Шибко тому вся округа дивилась. А надивившись, похваливала. А похваливши, поругивала. Особенно изводились тревогою всёзнающие старухи. Они-то и пугали Матвея:

– Гляди, чёрт везучий! Кабы твоего задору-смелости да водяной не присёк! И чего ты всё шныряешь по его наделам? Каку таку заботушку потерял ты в речке Полуденке? А и правда ли нами слыхана, что сулился ты Живое бучало[78] скрозь пронырнуть? Что ж, нырять-то нырни, да обратно себя верни. Хотя бы мёртвым, – добавляли они и дальше стращали. – Не было ещё такого удальца, кому провал тот измерить довелось. Когда-никогда, а доныряешься! Расщелкнёт тебя водяной как сухое семечко!
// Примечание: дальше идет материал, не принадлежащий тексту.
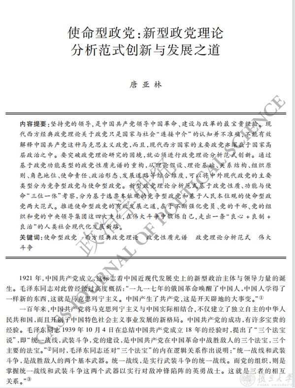 唐亚林《使命型政党: 新型政党理论分析范式创新与发展之道》

– А может, я и есть тот самый водяной, что в Живом бучале обосновался? – как-то позубоскалил над чужими страхами Матвей Резвун. – Только скроен я не по привычным меркам. Разве вам не помнится, что пращурка моя, древняя бабка Онега, два века жила?

– Помнится. А то как же.

– Так вот, ежели б она своё бессмертие мне не передала, топтать бы ей землю и по сей день! Понятно? Потому я никаких глубин, никаких водяных не боюсь.

– Изгаляется над нами Резвун, – засуетилась меж говорух самая неуёмная стращалка Марьяна Лупашиха. – Вровень с недоумками ставит нас. Играется вроде с нами, старухами. Ничо-о! Доиграется бычок до верёвочки… Ежели его из-под воды никто не дернёт, так на бережок выбросит… Ведь мною чего слыхано: будто Матвей, ныряючи, рыбу под водой из чужих снастей выбирает! Он и сына своего Ильку тому же самому научает…

– Брось ты, Марьяна, золу поджигать! – тут же присекли её болкотню редкозубые товарки. – Что ж ты греха не боишься? Не такой уж кот вор, чтобы кобылу со двора свёл… Ежели не тобою самой придумана эка блажь, то какого-то лоботряса тянут завидки за язык. Наловивши, поди-ка, одних головастиков, он от безделья и разбрасывает о Резвуне брехалки. А ты подбираешь…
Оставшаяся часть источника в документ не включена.